Wir haben hier in unserem Forschungszusammenhang diese Frage des Ich in der Wahrnehmung oder auch die Sinne des Ich ebenfalls mit Hilfe des Fragments untersucht. Insofern ist es interessant, das S. Lavecchia hier auf ähnlichem Wege unterwegs ist. Für uns ist dabei von Interesse, wie sich die Sinne in Richtung auf das Ich  und mit dem Ich weiterentwickeln, so z.B. die Frage, was wird aus dem Tastsinn, wenn er immer mehr zur Empfindung für Zukünftiges in der Gegenwart wird?
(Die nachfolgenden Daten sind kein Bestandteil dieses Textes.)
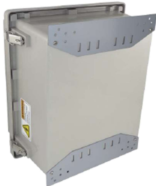
Flange Mount Configuration
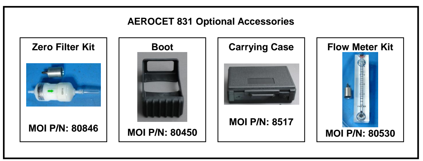
Figure 2 – Optional Accessories
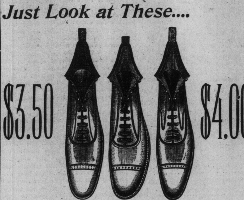
ASTORIA | MANHATTAN | PENNSY.
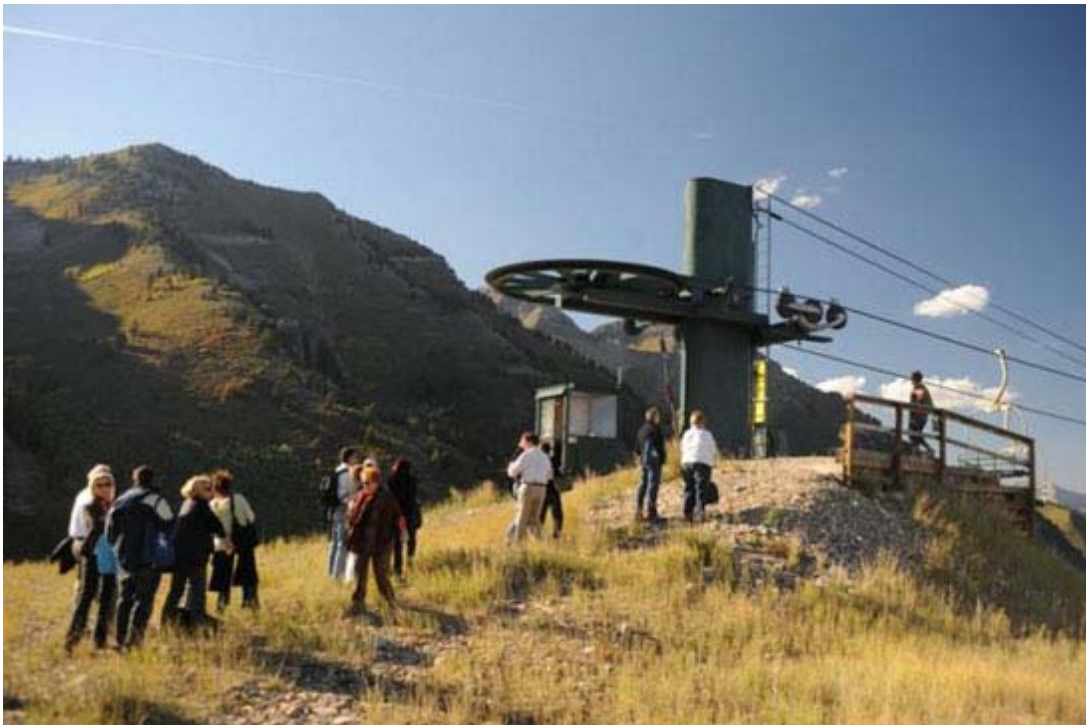
Participants were taken to the Bear Claw ski cabin at the top of the mountain by ski lift for inspiration and discussion.

Arts- or humanities-based civic dialogue/engagement In arts- or humanities-based civic dialogue/engagement, the artistic process and/or art /humanities presentation provides a key focus, catalyst, forum or form for public dialogue/engagement on the issue. Opportunities for dialogue/engagement are embedded in or connected to the arts or humanities experience. In addition, the arts may provide a direct forum to engage in community planning, organizing, activism, and therefore is a form of arts-based civic engagement. (Animating Democracy, Americans for the Arts)

S. Lavecchia stellt mit Recht die Frage, was für eine Wissenschaft sich daraus entwickeln müsste, wenn „das Wirken des Ich als Typus eines Wahrnehmungsorgans ernst“ genommen würde „und als Substanz der eigenen Methode in der Begegnung mit allen Dimensionen der Wirklichkeit erleben würde. Diese Wissenschaft würde demzufolge eine Umkehrung der Perspektive im Verhältnis zur üblicherweise anerkannten Wissenschaft bedeuten, und Gesetzmäßigkeit wäre hier nicht Standardisierung  oder Algorithmisierung, sondern Geburtshilfe für das Einmalige, das Plötzliche, das Schöpferische.“ 

https://dasgoetheanum.com/ich-als-methode/

Roland Wiese, Ostern 2021

Ein Gedanke zu “Ich als Wahrnehmungsorgan

  1. Egal von welcher Seite – von welcher zeitlichen Epoche – das ICH in den Fokus genommen wird, es ist das spirituelle Wahrnehmungsorgan das es gilt gerade jetzt in Zeiten der Isolation zu erforschen. Somit sollte die Forschung der zwölf Sinne systematisch vorangetrieben werden da, wo sich der Tast-Sinn (1. Sinn) mit dem Ich-Sinn (12.Sinn) im Dialog vereinen.

    Lieber Roland, danke für diesen Hinweis auf diese wichtige Publikation von S. Lavecchia heute.